There could be many reasons for the revolt against the Turkish leadership. Turkey has many anti-Islamic elements that want to destabilize Turkey in the hope that USA and Europe would support their cause. Erdogan has in effect provoked a resumption of a civil war in Turkish Kurdistan. In the opinion of many Turkish politicians and Kurds themselves, it was his actions that triggered a flare-up in hostilities and wiped out years of efforts to establish a peace dialogue.

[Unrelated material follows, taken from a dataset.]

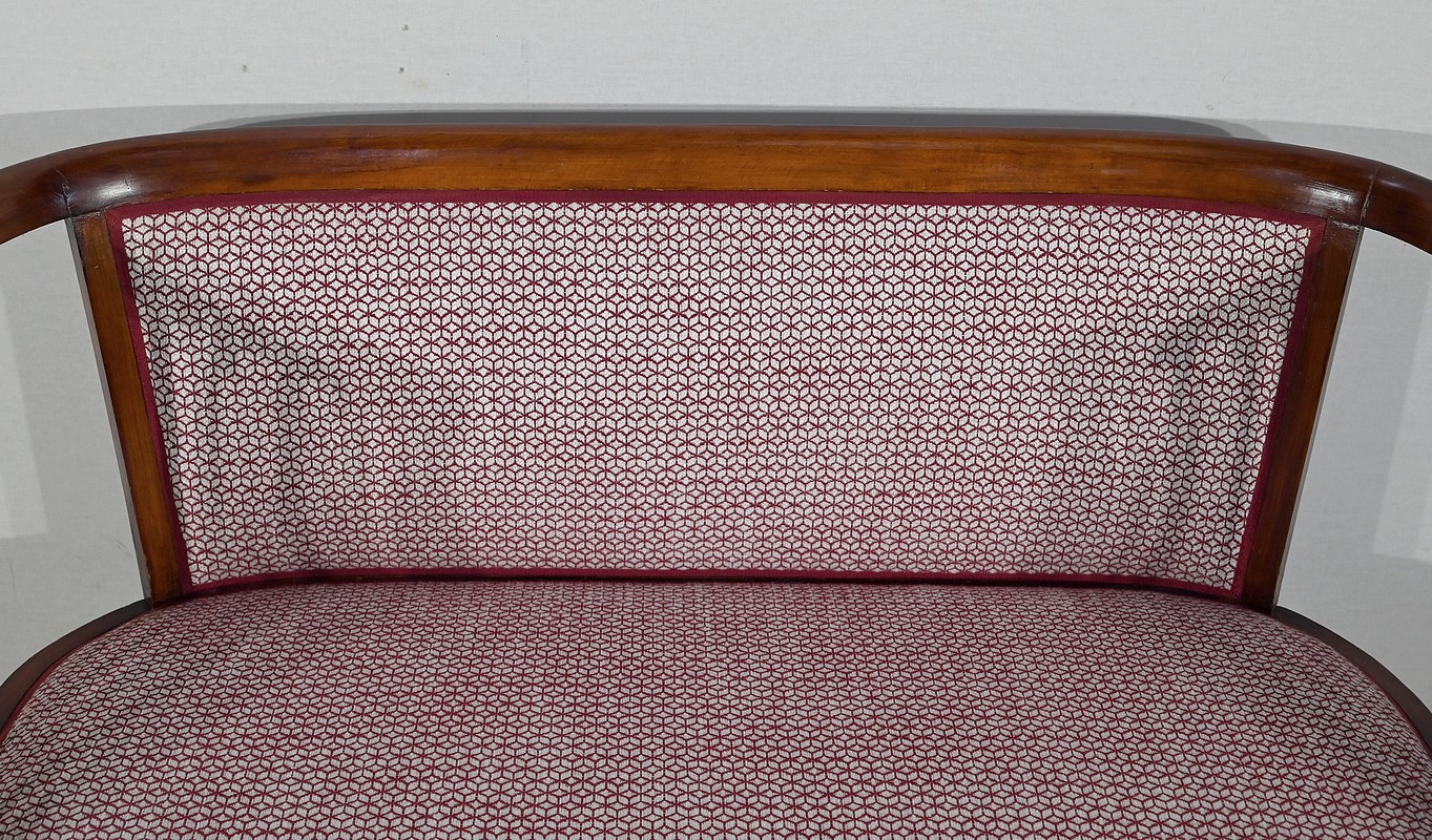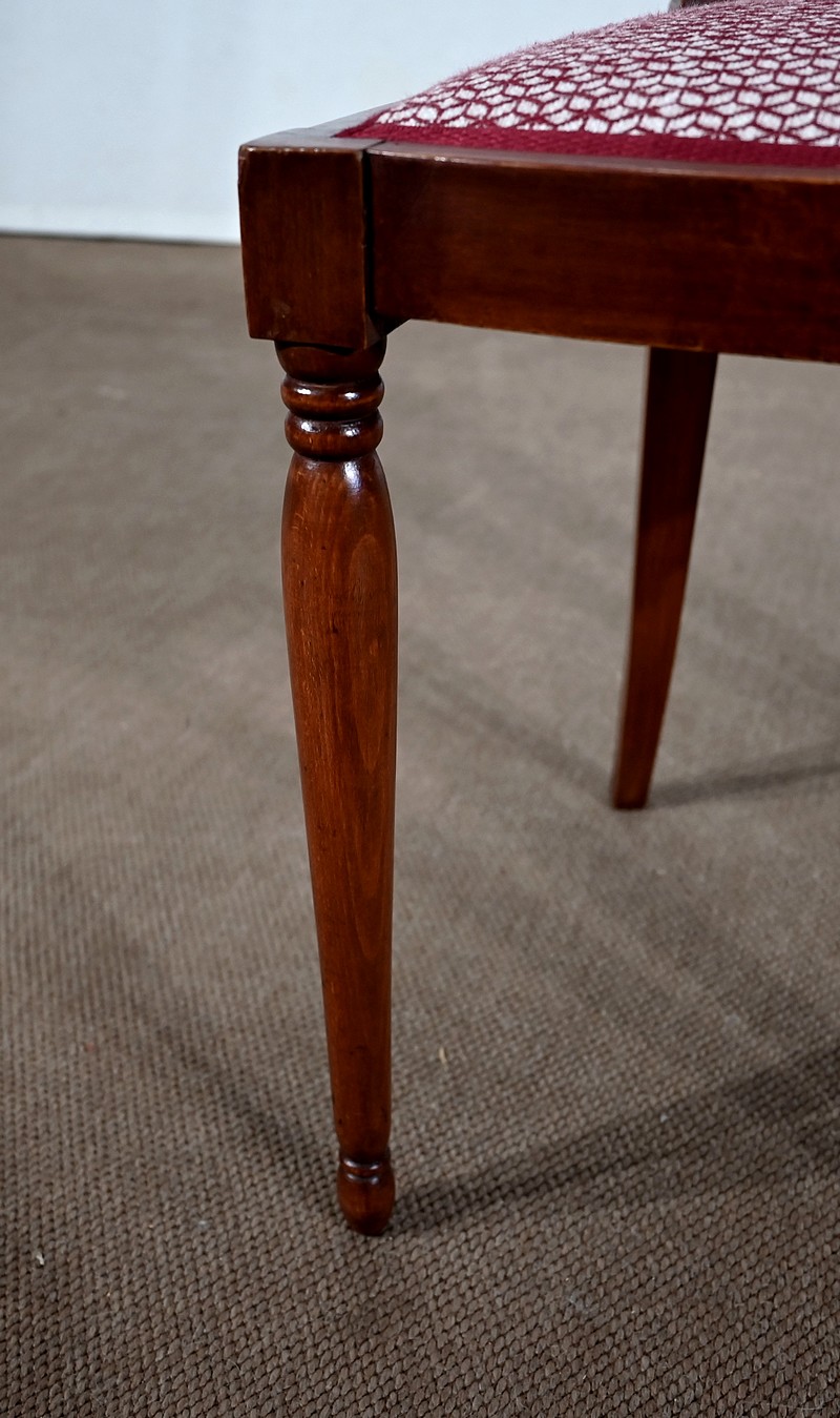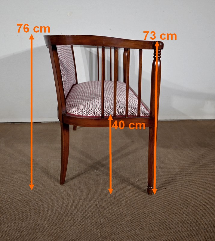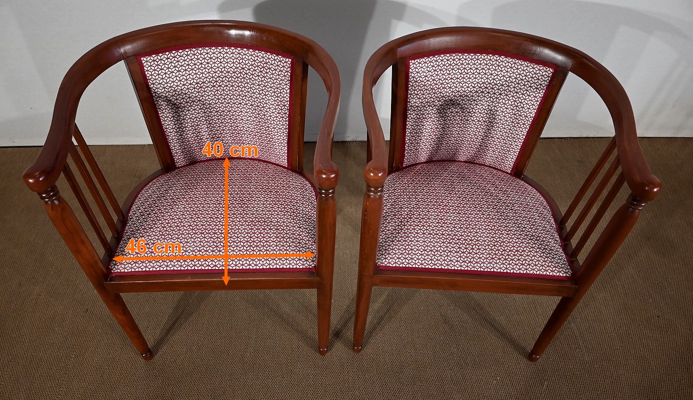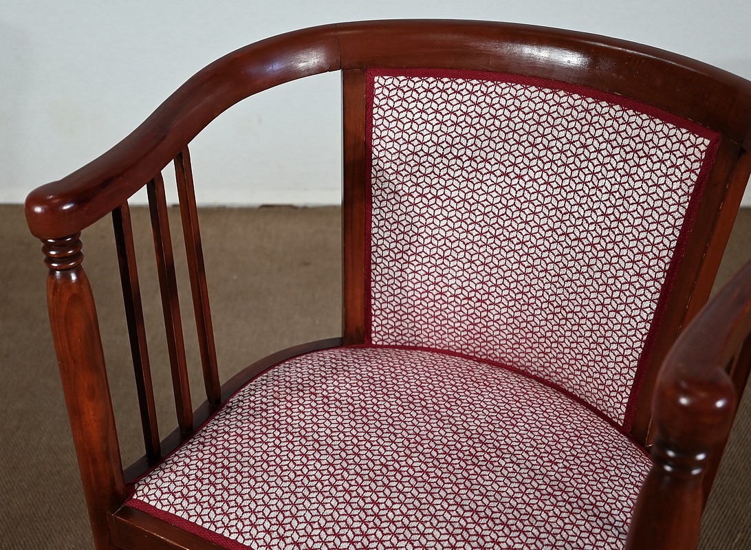 Les dossiers, par leur forme, ainsi que les assises, sont confortables. Chacun des cinq sièges de cet ensemble a bénéficié d’une restauration complète. La tapisserie refaite, avec sangles et crin, est munie d’un tissu aux motifs géométriques blancs et bordeaux, et d’un galon plat.

There is a serious ideological conflict between the army, which has been traditionally considered a guarantor of the secular nature of the Turkish state, and the elected Islamist authorities. For a long time it seemed that Erdogan, who is pursuing a policy of Islamization, had the upper hand, after suppressing the resistance of the generals for more powers and, having “purged” the officer corps through a series of large-scale court trials for their anti-Turkey activities. Society is split, as was testified by the mass protests in 2013.
As relations with the EU are ruined, Turkey has practically no chances of joining the EU in the foreseeable future, whereas it is this goal that the country’s leadership has been proclaiming for several decades. The Kurdish issue has caused serious tensions with the United States, while the downed Russian bomber has provoked an unprecedented crisis in relations with Moscow, which only recently was considered to be Turkey’s key partner.

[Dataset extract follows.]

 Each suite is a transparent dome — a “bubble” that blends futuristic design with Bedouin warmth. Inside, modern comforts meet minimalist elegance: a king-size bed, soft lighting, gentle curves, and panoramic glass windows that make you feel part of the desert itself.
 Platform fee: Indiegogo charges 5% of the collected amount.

It would appear that all these circumstances have prompted the Turkish president’s opponents into decisive action. Erdogan is pushing for realignment with Russia and Israel. The military plotters may have come to the conclusion that time has come to act. The military coup was untimely as Turkey has already mended ties with Russia and Israel. It was also suggested that the coup had deep-lying causes and reflected the pressing issues of Turkish society.
Russian and Turkish presidents share authoritarianism attitudes. May be, the concentration of all power in the hands of the Turkish president increases the risk of ill-judged decisions, and the Russian authorities will be taking this into account.

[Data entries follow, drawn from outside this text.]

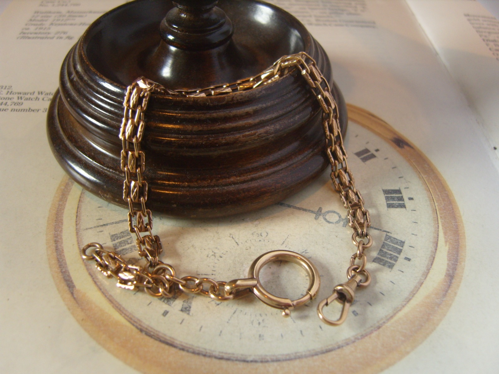 Antique Pocket Watch Chain 1890s Victorian 10ct Rose Gold Filled Fancy Albert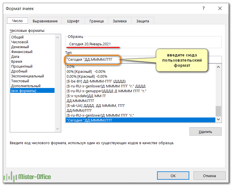 - На вкладке Число выберите Все форматы в списке и запишите нужный формат даты в поле Тип. Это показано на скриншоте ниже.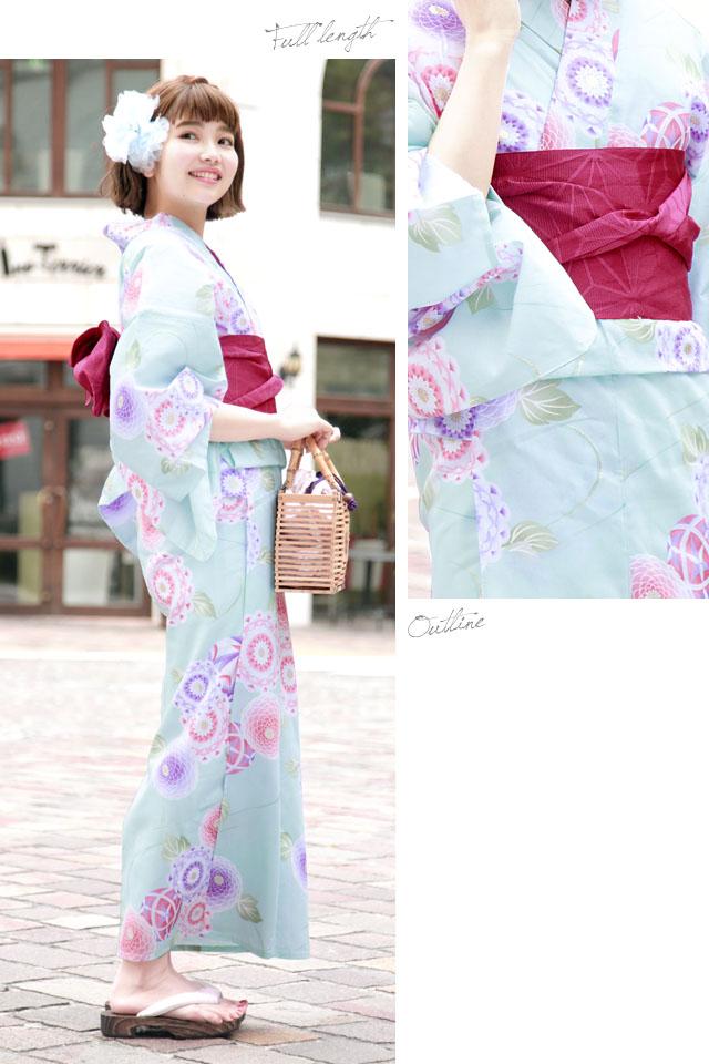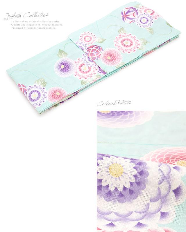 浴衣セット レディース レトロ 浴衣セット 大人 3点セット 水色 ブルー 紫系 ダリア ピンポンマム 花 手鞠 流水 ラメ 綿 半幅帯 女性 ボヌールセゾン フリー

While the international community condemned the attempt to seize power in Turkey, Moscow was more restrained in its reaction, with no outright condemnation of the coup bid. Russian Prime Minister Dmitry Medvedev urged Ankara to restore the constitutional order as soon as possible. “What happened shows that there are strong and deep divisions inside Turkish society and the armed forces, which were manifested in these events,” he said. Kremlin press secretary Dmitry Peskov expressed concern at the developments in Turkey, saying that Russia was keen to see the events unfolding in Turkey end “in a legitimate way as soon as possible” and hoped that the country would “return to the path of stability, predictability, and law and order.”
The developments in Turkey will not have a negative effect on relations with Moscow.“The attempted coup failed. The plotters have been arrested. Democracy has triumphed. The country’s leadership will start to pursue a more independent policy aimed at strengthening security in the country. The downside will be a drop in the number of Russian tourists and a delay in the lifting of Russia’s economic sanctions
Two flights of Turkish Airlines from Antalya resort town landed in Moscow, according to online data of Moscow’s Vnukovo Airport. A flight from Istanbul airport to Moscow also landed this morning. These are the first flights from Turkey that landed in Moscow after the coup attempt. Russia has currently restricted flights to Turkey. However, Russian and Turkish air carriers may continue performing flights from Turkey, the Russian aviation authority said earlier. Russian flag carrier Airport will start delivering Russians trapped in Istanbul and Antalya today. SU2134 Moscow – Istanbul flight will take passengers in Istanbul and return back to Moscow on July 18, Aeroflot spokesperson told TASS earlier. SU2142 flight will depart from Moscow to Antalya on July 18.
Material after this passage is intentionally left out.